You can also use the password_needs_rehash(...) function once you verify to see if you should rehash the password to bring it up to the new level.
In general, using the defaults (mcrypt_create_iv() using dev/urandom for the salt and bcrypt with a work factor of 10 are specified with PASSWORD_DEFAULT in the curreent implementation) along with password_needs_rehash() will keep you up to date with no "retouch" necessary. When the default changes, password_needs_rehash() returns true, and you then rehash with the new defaults. All you need to do is make the db column wider than necessary for the current defaults to put maintenance off into the future. (The only real problem is that the hash function truncates passwords at 72 characters at the moment, which will force you to pre-hash the user value with something like SHA256 for very long passphrases.)

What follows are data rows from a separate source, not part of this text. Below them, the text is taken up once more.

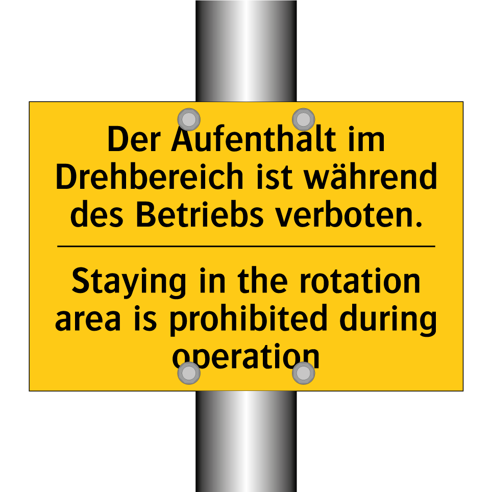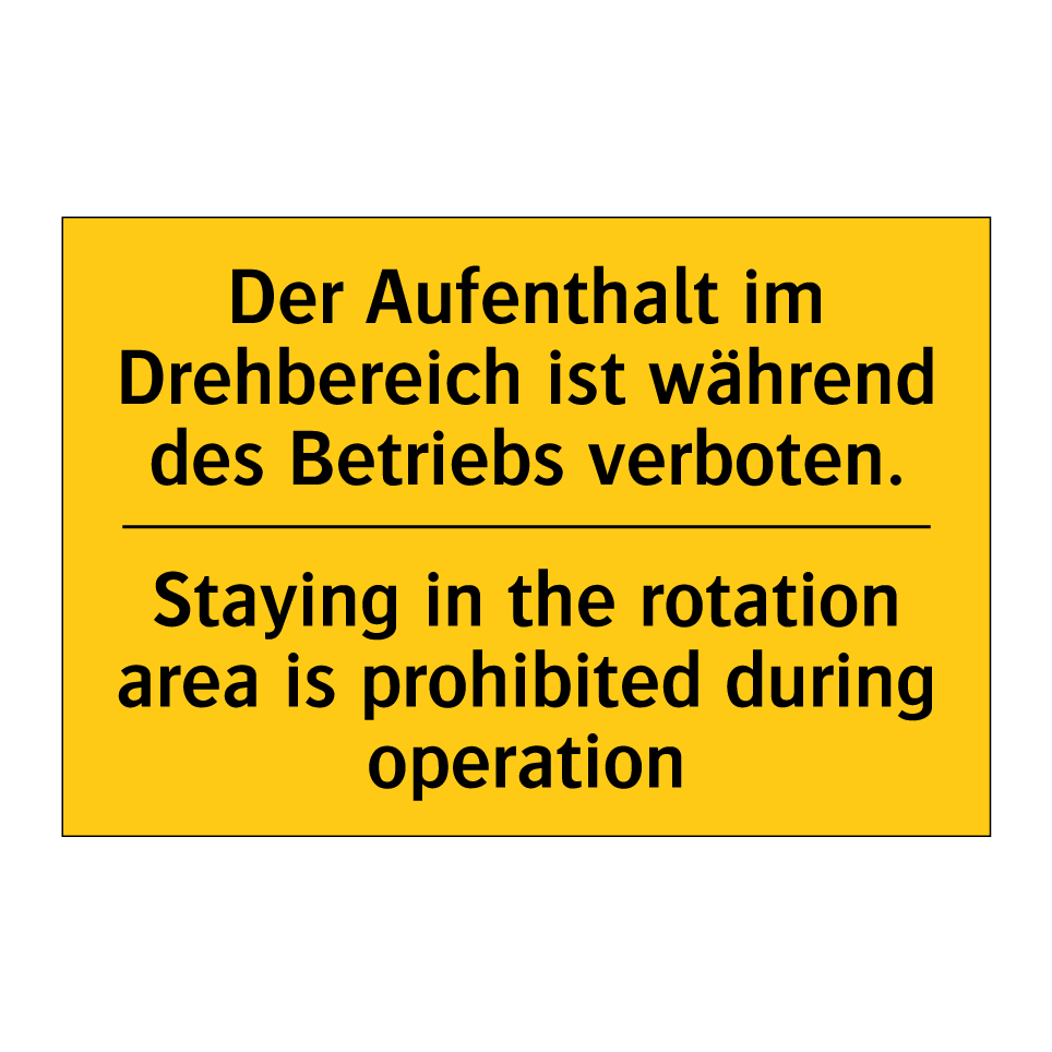 Zweisprachiges Warnschild mit deutschem Text Der Aufenthalt im Drehbereich ist während des Betriebs verboten. und englischem Text Staying in the rotation area is prohibited during operation
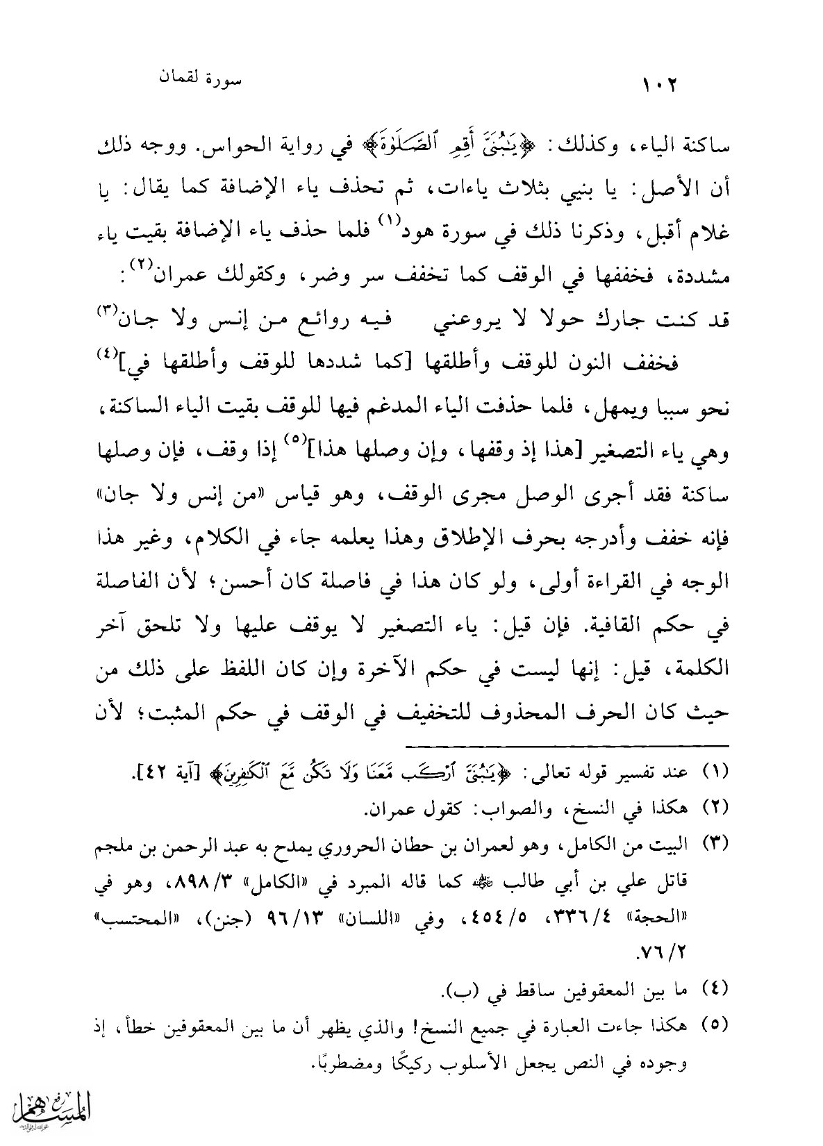 ساكنة الياء، وكذلك: {يَا بُنَيَّ أَقِمِ الصَّلَاةَ} في رواية الحواس. ووجه ذلك أن الأصل: يا بنيي بثلاث ياءات، ثم تحذف ياء الإضافة كما يقال: يا غلام أقبل، وذكرنا ذلك في سورة هود (¬1) فلما حذف ياء الإضافة بقيت ياء مشددة، فخففها في الوقف كما تخفف سر وضر، وكقولك عمران (¬2):
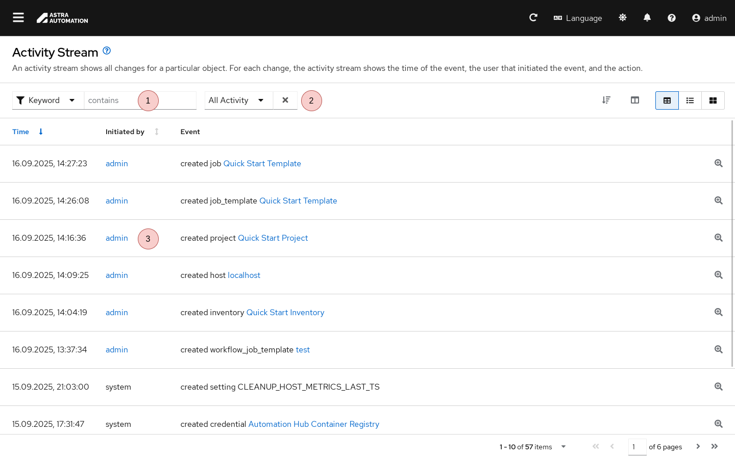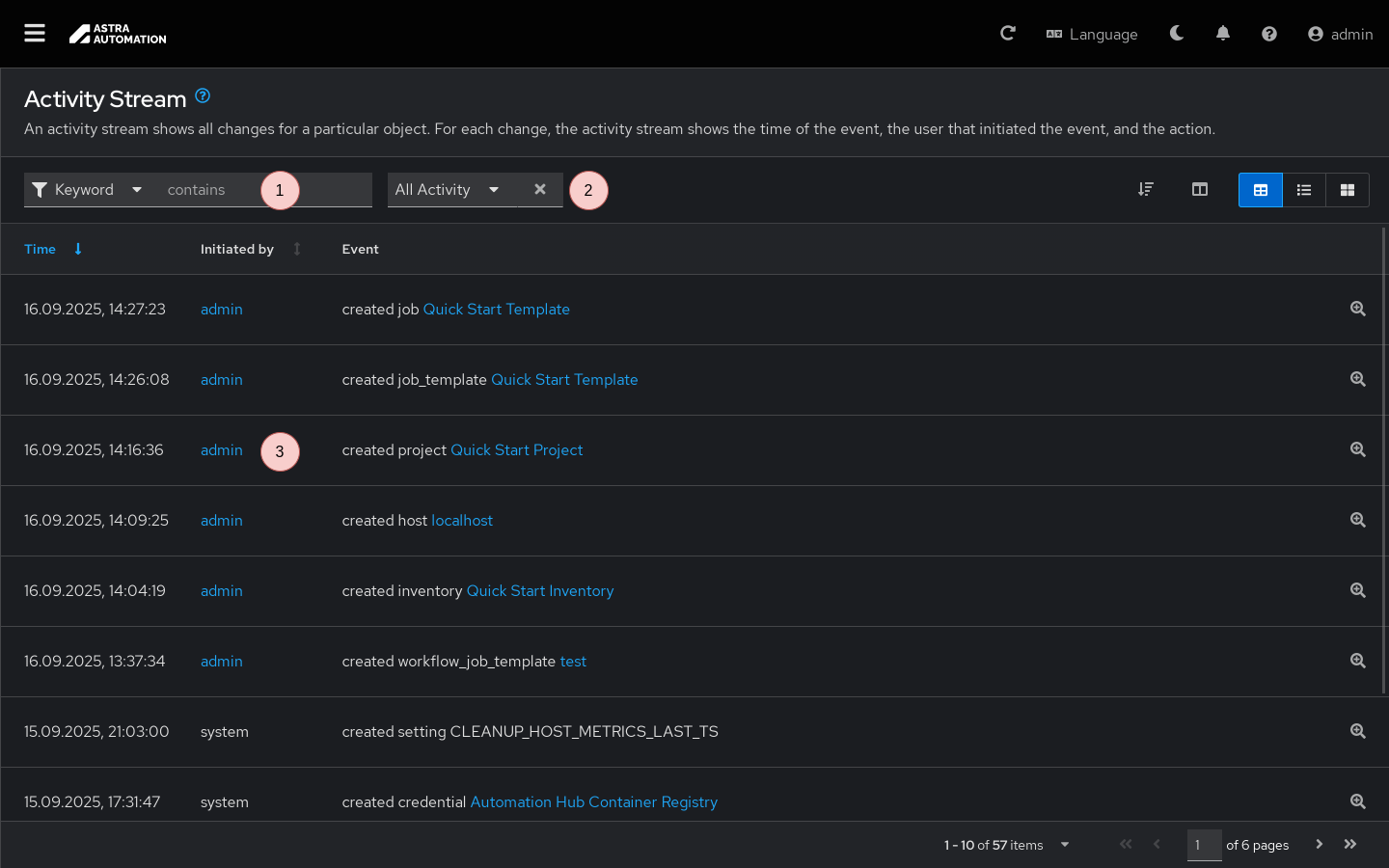 Окно Поток активности (Activity Stream) используется для просмотра информации о действиях, выполненных внутри Automation Controller. Для перехода к нему выберите на панели навигации ().
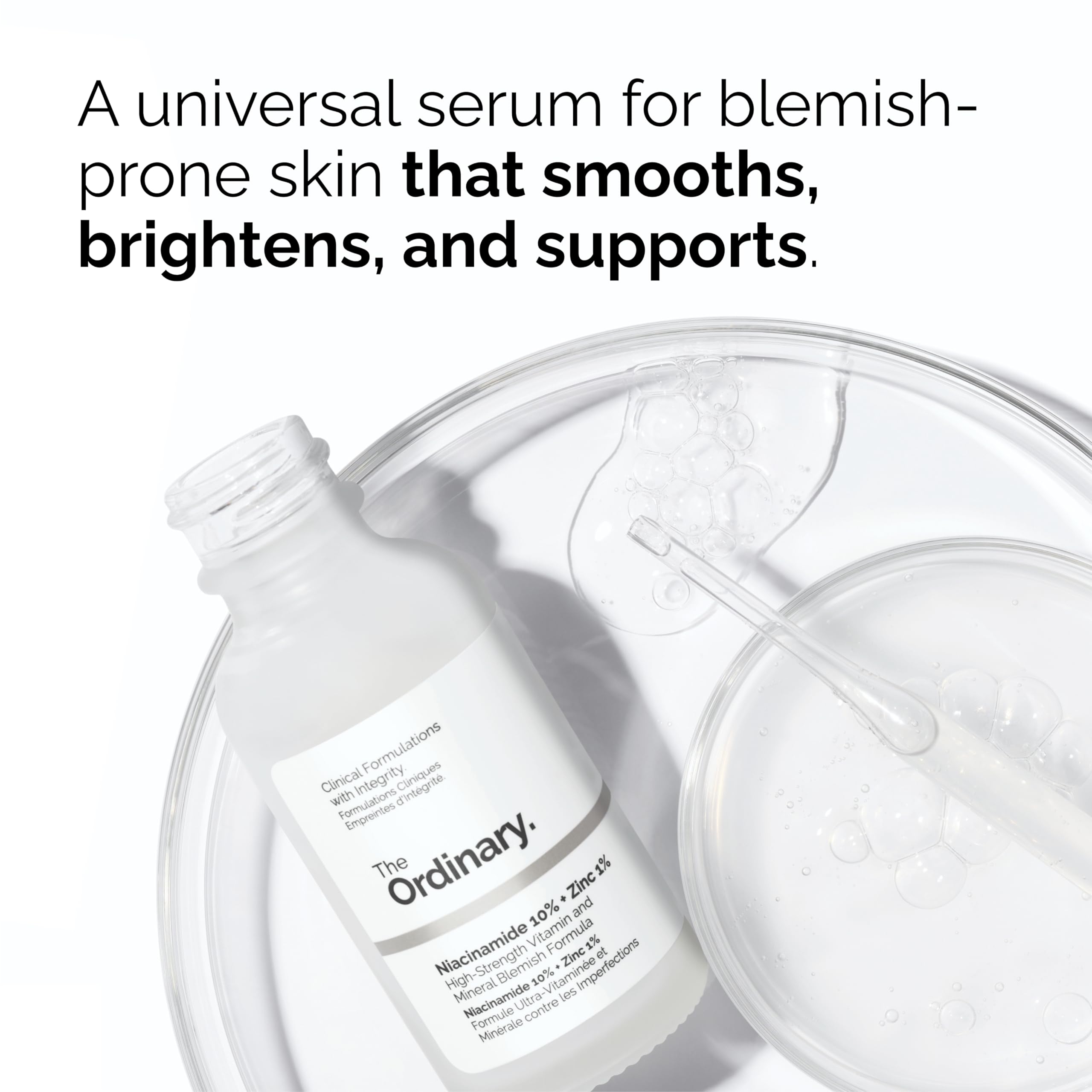 - NIACINAMIDE 10% + ZINC 1% 1 FL OZ: is a water-based serum that boosts skin brightness, improves skin smoothness and reinforces the skin barrier over time. It contains a high 10% concentration of Niacinamide (vitamin b3) and zinc PCA.
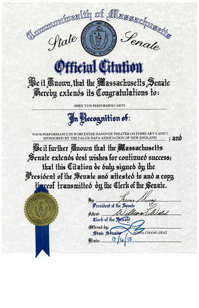 美国联邦参议员约翰•克里(John Kerry)在褒奖令中说:“我很荣幸能与新英格兰法轮大法协会一起欢迎神韵艺术团来到麻州。随着神韵艺术团莅临波士顿和伍斯特市进行演出,我想起霍比印第安部落的一句古谚:‘欣赏我们的舞蹈就如同倾听我们的心灵之声。’我要感谢新英格兰法轮大法协会带给麻州观众聆听中华文化之声的机会。我对华裔社区将继续成为麻州重要资产充满信心。感谢所有付出时间及精力使得这部展现中国文化和价值的庆典成为现实的人。”

I don't think it's bcrypt that does it. It's the underlying implementation of bcrypt chooses to do it for the users. Or does the actual bcrypt standard says implementation has to generate one for user?
It seems that bcrypt does not specify that salts are randomly generated, but it does specify that the salt is stored with the hash. The “Bcrypt Algorithm” section of the paper at https://www.usenix.org/legacy/publications/library/proceedin... shows salts to be an input to the algorithm, and also describes them being concatenated with the hash. Random generation of the salt must be just a de-facto standard for bcrypt APIs. It’s true that that feature is orthogonal to the hashing function, and so libraries for other hashing algorithms could easily copy it.
I think the part concat with salt is required. But generating it FOR the user is orthogonal to the hashing function. But I will be surprise if the paper actually says it is required to generate one - because that shows the cleverness of the inventors, but also a potential weakness (implementation may be using weak random source, though counter-argument is that user supplied salt can be weak too).
Agree - same applies for the other languages at the bottom of the page. He should remove those code samples and just link to the bcrypt function/library for each language.
Disagree. Windows .net devs shouldn't use Bcrypt. The .net bcrypt port hasn't been verified for .net, so they should be using pbkdf2 instead, as per the article.
The most recent version of the ASP.net Membership provider offers this hashing algorithm as a built in option.
Question: Is there any reason to prefer bcrypt over pbkdf2, or vice versa?
I can see that scrypt has an obvious advantage over both, since it is memory-intensive unlike the others. But when comparing bcrypt with pbkdf2, I can't seem to find any reason to prefer one over the other.
bcrypt is everyone's darling at the moment, but why so little love for pbkdf2? PHP 5.5, for example, bundles a very convenient password_hash() function that defaults to bcrypt, whereas hash_pbkdf2(), which is also new to PHP 5.5, won't even generate a salt for you.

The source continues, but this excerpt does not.